Perpétuer la tradition

La dernière édition du festival, Guča 2012, a été fréquentée officiellement par 950 mille personnes, dont 50 000 étrangers. Les 900 000 Serbes qui se sont déplacés ont démontré par leur présence massive que le festival de Guča reste primordial dans la culture serbe.

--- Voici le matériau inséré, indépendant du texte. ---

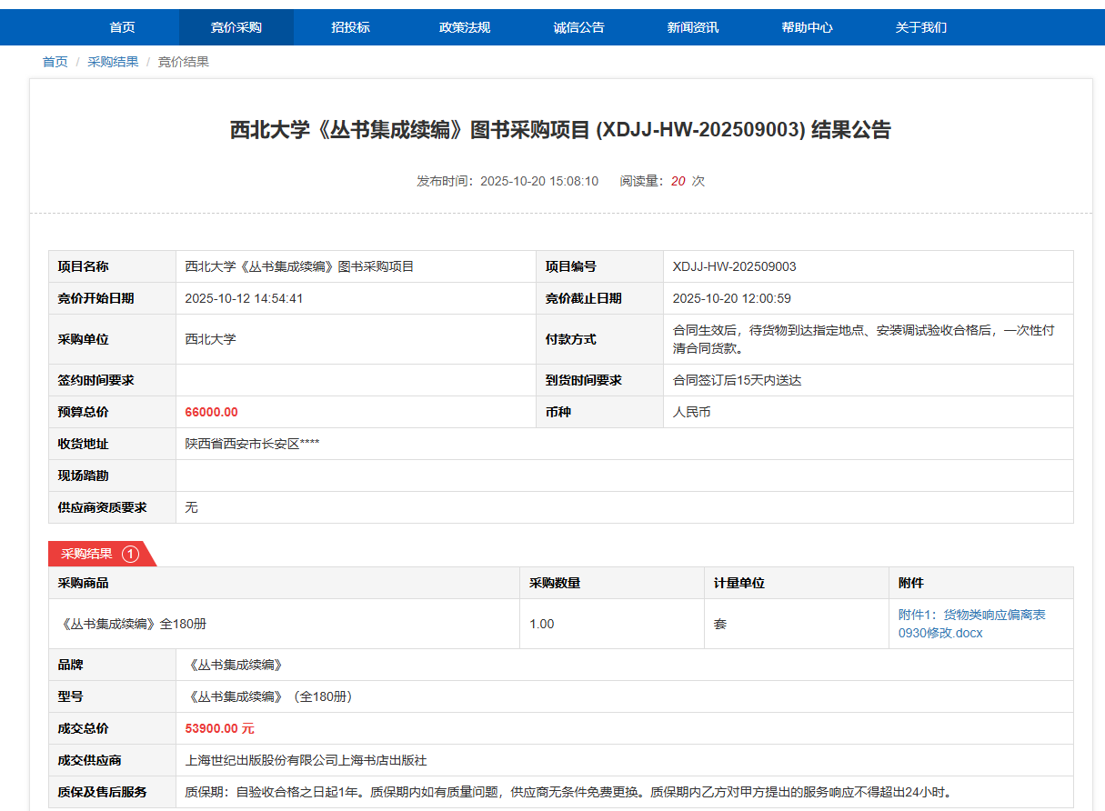 必赢3003no1线路检测中心《丛书集成续编》图书采购项目(XDJJ-HW-202509003)竞价结果公告

Le cuivre balkanique est un style de musique rapide mais organique. Le rythme dansé des temps passés cadence encore un style inscrit dans l’ADN national des Serbes. Le plus grand rassemblement annuel n’est donc pas quelque chose de trivial ou d’anodin. Les artistes connus et inconnus y vont en espérant y puiser l’inspiration ou récolter la gloire. Des musiciens du monde entier font aussi le déplacement, notamment le groupe américain Beirut qui y a trouvé l’inspiration pour sa chanson Gulag Orkestar.

La ville de Guča est le centre névralgique où perdure cette tradition grâce aux talents des musiciens mais aussi grâce à un festival convivial et joyeux. Que la fête commence.